■ Dataset extract
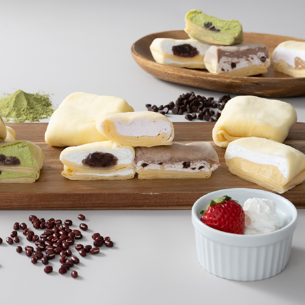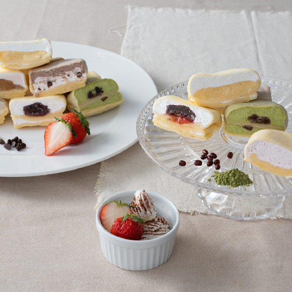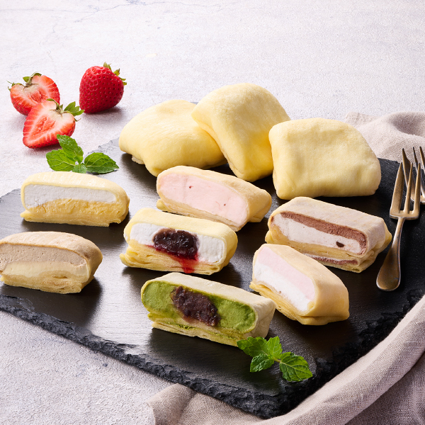 生地は和菓子屋ならではの大福のようなもちっとした食感を再現しております。その風味豊かなクレープ生地に、甘さ控えめのホイップクリームを包みました。7種類のクレープとバラエティ感のあるセット。
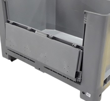 Durable HDPE plastic front door designed for 800×1200 mm bulk containers, approximately 800 mm high. Provides easy access for loading and unloading while maintaining container strength and stability.
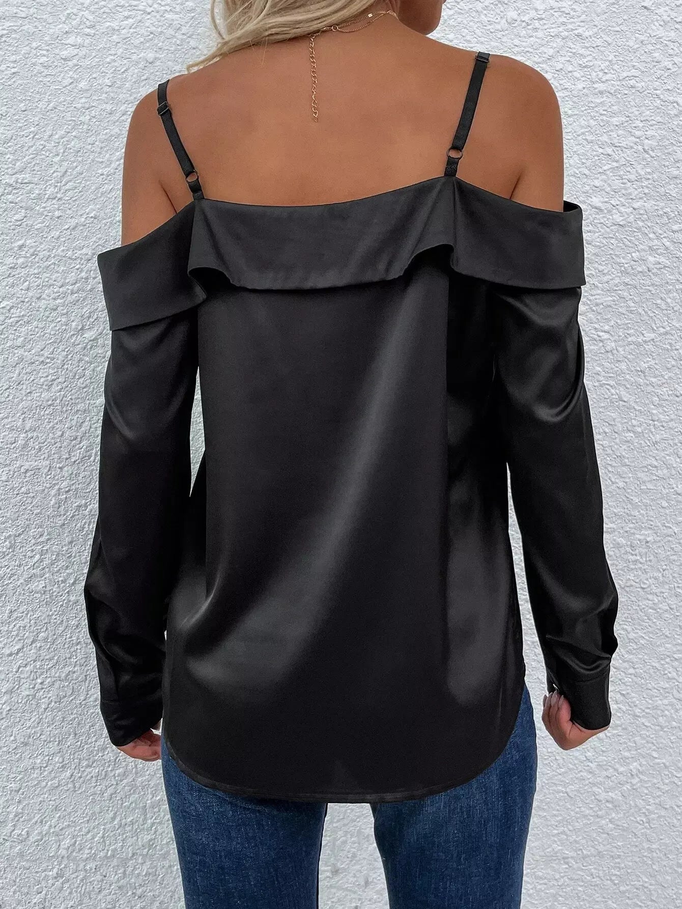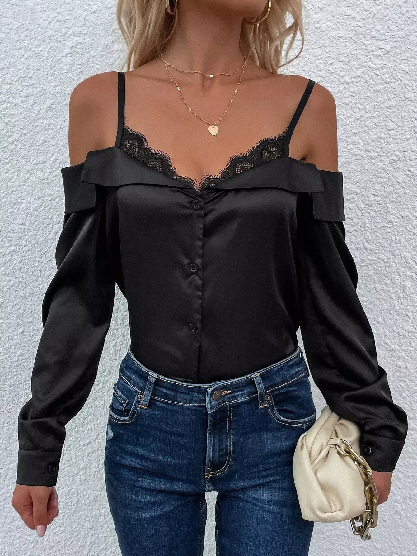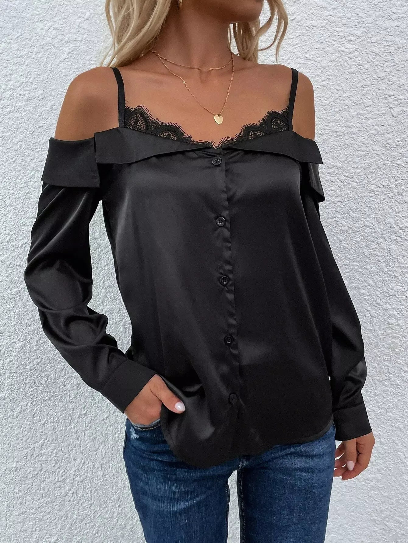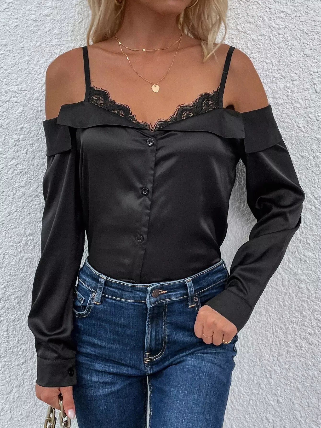 Eyelash Lace Detail Cold Shoulder Satin Blouse
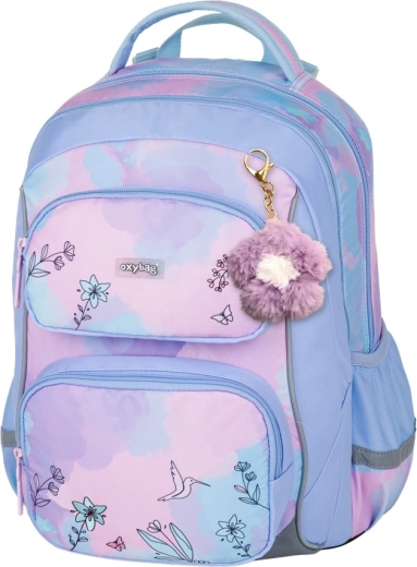 Dizajn v pastelových tónoch s motívom kolibríkov a kvetín zaujme deti aj rodičov. Odolné materiály, zosilnené nepremokavé dno a množstvo reflexných prvkov zaisťujú dlhú životnosť a vyššiu viditeľnosť. Súčasťou je jednoposchodový peračník s úchytmi na písacie potreby a sieťovaným vreckom na zips a tiež praktický vak na prezuvky alebo športové vybavenie v rovnakom motíve.
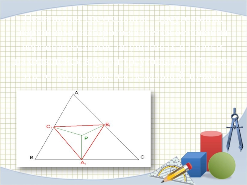 Педальный треугольник - треугольник, вершинами которого является основания перпендикуляров, опущенных из точки, находящейся внутри треугольника. А сама
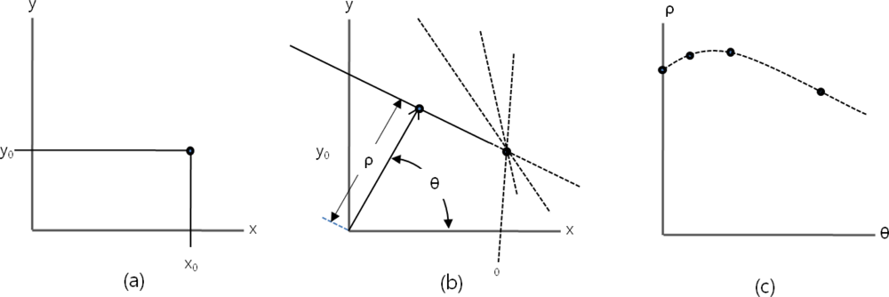 A point (x0, y0) on the image coordinate system, as shown in Figure 1(a), becomes a point in Figure 1(b) where many straight lines expressed as (ρ, θ) on the polar coordinate system intersect and it can be expressed as a line in Figure 1(c) on the (ρ, θ) plane as follows.
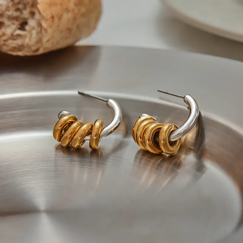 18K Gold Plated 304 Stainless Steel Water Plated C-Shaped Circle Mixed Color (Jewelry Metal Contrast Color) Earrings For Women Weekend Date Selfie
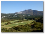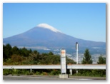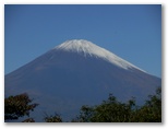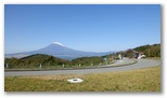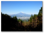 緩やかなアップダウンを越えて行くと、行く手の小峰(1063m)の中腹に緑地が見えてきました。休憩と食事に好さそうです。果たしてそこは「富士見ヶ丘公園」で、その名の通り、富士山とその広大な裾野をストレートに望める空間でした。来た道を振り返ると、電波塔の立つ丸岳、力こぶのような金時山、遠く丹沢の峰々、その右端の大山まで、きれいに望めました。さっそく草の上に腰を下ろして大休止とします。あの富士山は、帽子の冠り方がちょっと小粋かな。
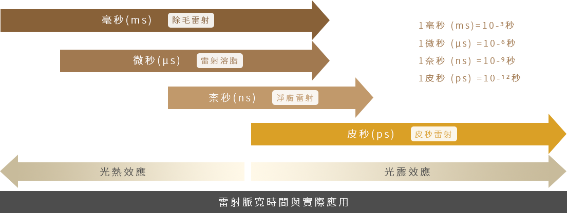 作用機制 | 100%機械衝擊波將黑色素擊碎 | 50%光機械波擊碎黑色素 |
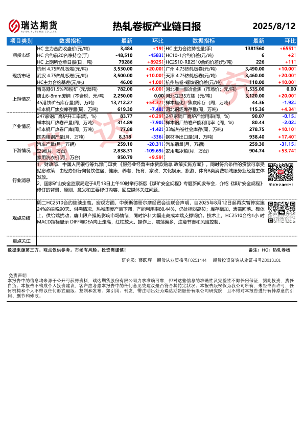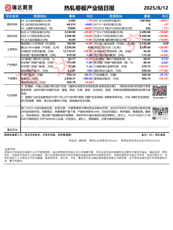 【瑞达期货】【20250812】热轧卷板产业链日报-1页
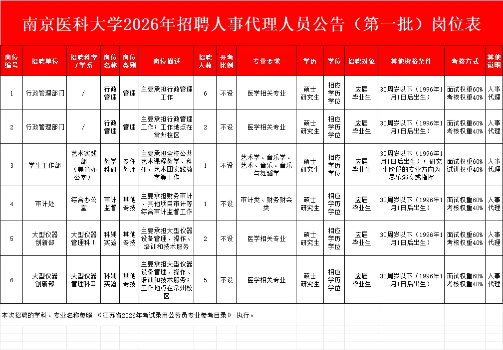 南京医科大学公开招聘人员公告
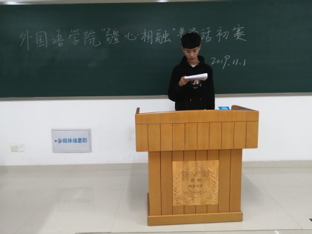 11月1日晚,外国语学院2019级“疆心相融,与你同梦”少数民族普通话演讲比赛初赛在东区综合楼113教室成功举办。此次演讲比赛以“增强民族团结,铸就家国梦想”为主题,各民族同学共同参与,同台竞技,根据演讲主题各自做了精彩演讲。在比赛中,各位选手围绕着民族大团结,谈论着自己眼中的中国,讲述着自己与祖国的故事。
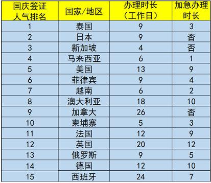 按签证申请办理人数从高到低排名,携程旅游发布“国庆签证热门目的地TOP15”依次是:泰国、日本、新加坡、马来西亚、美国、菲律宾、越南、澳大利亚、加拿大、柬埔寨、法国、英国、俄罗斯、德国、西班牙。通过携程等旅游网站和旅行社办理这些热门目的地的签证,从收齐制作材料、等待面试、领馆受理到出签配送,需要4到26个工作日不等。除了欧美澳洲长线国家,大部分周边国家和地区,办签时间在10天以内,抓紧办理还可能赶上国庆旅游。为了赶上国庆旅游,建议游客尽可能选择办签证时间短的目的地。如果需要加急,也可以通过携程等服务商选择特殊签证产品,加急最快只需1-5个工作日不等。

■ Problem details
Lines wanted from the entries above: the one with "Durable HDPE plastic", the one with "Eyelash Lace Detail", and all lines between. Please copy them exactly, without the pictures and without anything else.

■ Answer to this exercise
 Durable HDPE plastic front door designed for 800×1200 mm bulk containers, approximately 800 mm high. Provides easy access for loading and unloading while maintaining container strength and stability.
 Eyelash Lace Detail Cold Shoulder Satin Blouse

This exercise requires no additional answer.